Cibola County includes a dedicated section for the detention of transgender migrant detainees, one of the only such facilities after protests by immigrant groups led to the closure of the dedicated ICE GBT Pod that had housed gay, bisexual, and transgender detainees in Santa Ana. Transgender women detained at the facility face significant challenges, particularly due to the isolation and lack of available representation. The New Mexico Immigrant Law Center has sought emergency funding to provide lawyers with travel fees to provide suitable counsel.
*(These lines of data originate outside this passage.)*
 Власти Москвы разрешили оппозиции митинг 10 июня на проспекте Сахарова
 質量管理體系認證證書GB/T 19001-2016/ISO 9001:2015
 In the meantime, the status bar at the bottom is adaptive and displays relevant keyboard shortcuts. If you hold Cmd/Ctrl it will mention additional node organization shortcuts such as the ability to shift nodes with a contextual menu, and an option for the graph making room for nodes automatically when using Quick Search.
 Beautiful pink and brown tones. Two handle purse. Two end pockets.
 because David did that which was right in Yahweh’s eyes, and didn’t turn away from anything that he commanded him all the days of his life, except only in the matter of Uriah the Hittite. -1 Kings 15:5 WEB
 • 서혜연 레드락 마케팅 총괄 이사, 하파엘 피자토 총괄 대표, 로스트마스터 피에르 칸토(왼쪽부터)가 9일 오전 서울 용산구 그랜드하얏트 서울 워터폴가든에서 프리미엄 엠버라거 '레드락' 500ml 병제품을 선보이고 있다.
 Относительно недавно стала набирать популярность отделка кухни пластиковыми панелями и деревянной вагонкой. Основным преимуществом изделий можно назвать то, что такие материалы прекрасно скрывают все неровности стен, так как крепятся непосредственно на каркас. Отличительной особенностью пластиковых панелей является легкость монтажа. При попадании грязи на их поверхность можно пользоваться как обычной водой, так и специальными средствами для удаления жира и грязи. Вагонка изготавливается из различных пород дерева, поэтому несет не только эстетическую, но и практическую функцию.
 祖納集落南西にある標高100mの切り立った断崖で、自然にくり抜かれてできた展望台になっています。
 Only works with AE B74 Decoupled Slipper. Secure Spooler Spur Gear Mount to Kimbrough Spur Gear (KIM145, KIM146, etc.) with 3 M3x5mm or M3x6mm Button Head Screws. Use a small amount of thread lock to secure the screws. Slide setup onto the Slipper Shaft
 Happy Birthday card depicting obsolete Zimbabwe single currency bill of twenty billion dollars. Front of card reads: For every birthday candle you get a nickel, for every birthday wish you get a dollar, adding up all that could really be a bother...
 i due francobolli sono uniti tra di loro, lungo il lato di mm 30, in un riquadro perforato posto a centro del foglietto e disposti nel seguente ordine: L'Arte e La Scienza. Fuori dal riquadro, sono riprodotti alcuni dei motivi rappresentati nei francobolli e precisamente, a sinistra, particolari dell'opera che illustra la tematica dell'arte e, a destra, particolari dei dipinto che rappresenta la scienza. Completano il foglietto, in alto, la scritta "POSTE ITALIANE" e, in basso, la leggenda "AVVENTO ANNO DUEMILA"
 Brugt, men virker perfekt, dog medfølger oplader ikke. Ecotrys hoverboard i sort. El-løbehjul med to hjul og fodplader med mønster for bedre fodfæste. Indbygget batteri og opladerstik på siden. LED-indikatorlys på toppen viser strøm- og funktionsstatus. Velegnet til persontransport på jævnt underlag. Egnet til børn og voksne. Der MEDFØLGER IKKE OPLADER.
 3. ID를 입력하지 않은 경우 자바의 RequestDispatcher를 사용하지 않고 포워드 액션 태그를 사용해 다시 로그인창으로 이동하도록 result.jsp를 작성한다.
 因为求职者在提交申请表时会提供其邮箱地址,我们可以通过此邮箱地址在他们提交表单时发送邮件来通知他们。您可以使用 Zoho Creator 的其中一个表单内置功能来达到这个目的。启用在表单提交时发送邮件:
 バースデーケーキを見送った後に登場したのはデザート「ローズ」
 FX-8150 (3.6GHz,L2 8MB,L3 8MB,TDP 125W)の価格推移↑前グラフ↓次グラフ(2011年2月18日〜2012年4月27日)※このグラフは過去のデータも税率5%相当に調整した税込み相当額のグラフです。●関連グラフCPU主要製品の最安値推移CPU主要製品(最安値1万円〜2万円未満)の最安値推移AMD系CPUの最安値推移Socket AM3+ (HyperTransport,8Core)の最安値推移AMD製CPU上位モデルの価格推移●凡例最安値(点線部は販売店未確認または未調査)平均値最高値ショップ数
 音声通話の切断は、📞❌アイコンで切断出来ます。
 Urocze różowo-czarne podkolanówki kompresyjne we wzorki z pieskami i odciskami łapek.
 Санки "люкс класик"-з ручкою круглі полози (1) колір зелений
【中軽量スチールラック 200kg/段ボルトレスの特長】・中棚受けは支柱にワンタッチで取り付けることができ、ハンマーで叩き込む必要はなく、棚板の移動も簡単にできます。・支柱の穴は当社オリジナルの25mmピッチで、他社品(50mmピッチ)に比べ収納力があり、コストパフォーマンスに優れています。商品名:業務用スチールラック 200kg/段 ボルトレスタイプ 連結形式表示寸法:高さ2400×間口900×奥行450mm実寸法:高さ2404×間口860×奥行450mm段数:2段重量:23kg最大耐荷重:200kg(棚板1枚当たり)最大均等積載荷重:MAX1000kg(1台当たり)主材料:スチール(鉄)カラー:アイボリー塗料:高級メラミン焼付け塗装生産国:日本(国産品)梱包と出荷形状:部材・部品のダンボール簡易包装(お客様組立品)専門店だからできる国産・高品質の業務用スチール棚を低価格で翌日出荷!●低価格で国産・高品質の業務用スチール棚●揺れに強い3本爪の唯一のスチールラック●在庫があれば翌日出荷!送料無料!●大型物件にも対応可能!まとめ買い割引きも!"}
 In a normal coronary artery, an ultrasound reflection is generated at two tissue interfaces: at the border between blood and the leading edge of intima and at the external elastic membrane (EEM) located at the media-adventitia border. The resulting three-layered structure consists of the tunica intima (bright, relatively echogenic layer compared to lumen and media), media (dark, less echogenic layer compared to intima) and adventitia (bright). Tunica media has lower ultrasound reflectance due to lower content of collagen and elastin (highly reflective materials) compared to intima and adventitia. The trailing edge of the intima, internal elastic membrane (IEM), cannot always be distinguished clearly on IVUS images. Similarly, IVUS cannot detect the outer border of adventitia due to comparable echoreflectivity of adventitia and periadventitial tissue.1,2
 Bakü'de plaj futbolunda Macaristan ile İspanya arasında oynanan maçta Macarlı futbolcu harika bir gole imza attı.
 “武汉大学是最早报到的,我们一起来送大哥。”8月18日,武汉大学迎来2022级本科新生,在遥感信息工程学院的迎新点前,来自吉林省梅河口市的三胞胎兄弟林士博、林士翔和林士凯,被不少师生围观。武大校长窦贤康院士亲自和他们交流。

In some cases, however, they are more likely to have legal representation than other detainees at Cibola.

In November 2018, Roxsana Hernandez Rodriguez, a 33 year old transgender woman seeking asylum from Honduras died from dehydration and complications from HIV infection after having been detained at CCCC for a single night. Hernandez had been in ICE custody for 16 days when she died, and been hospitalized for the same conditions a week before arriving at Cibola County. Fellow detainees witnessed her symptoms of severe dehydration and reported a lack of medical treatment or attention. An independent autopsy paid for by the Transgender Law Center, a group that sued ICE on behalf of Hernandez, reported deep hemorrhaging of the soft tissues and muscles over her ribs.

=== HB9 and the switch to a direct contract ===
In February 2026, New Mexico governor Michelle Lujan Grisham signed into law HB9, known as the Immigrant Safety Act. The law "bars state and local agencies from detaining people for federal civil immigration violations. It ends agreements that let local law enforcement act as federal immigration agents and prohibits public bodies from selling or leasing land for immigration detention."

Ralph Lucero, chair of the Cibola County Commission, called the law "a direct threat to the economic stability of our families, our workforce, and our small rural communities."

In March, ICE announced that it would seek a "sole source" contract with CoreCivic. On March 26, 2026, the Cibola County Commission voted to end their Intergovernmental Service Agreement with ICE, though they noted that they would reverse the decision if HB9 was enjoined. On April 30, 2026, CoreCivic signed a direct contract with ICE to keep detainees at Cibola County Correctional Facility and another New Mexico facility, Torrence County Detention Facility.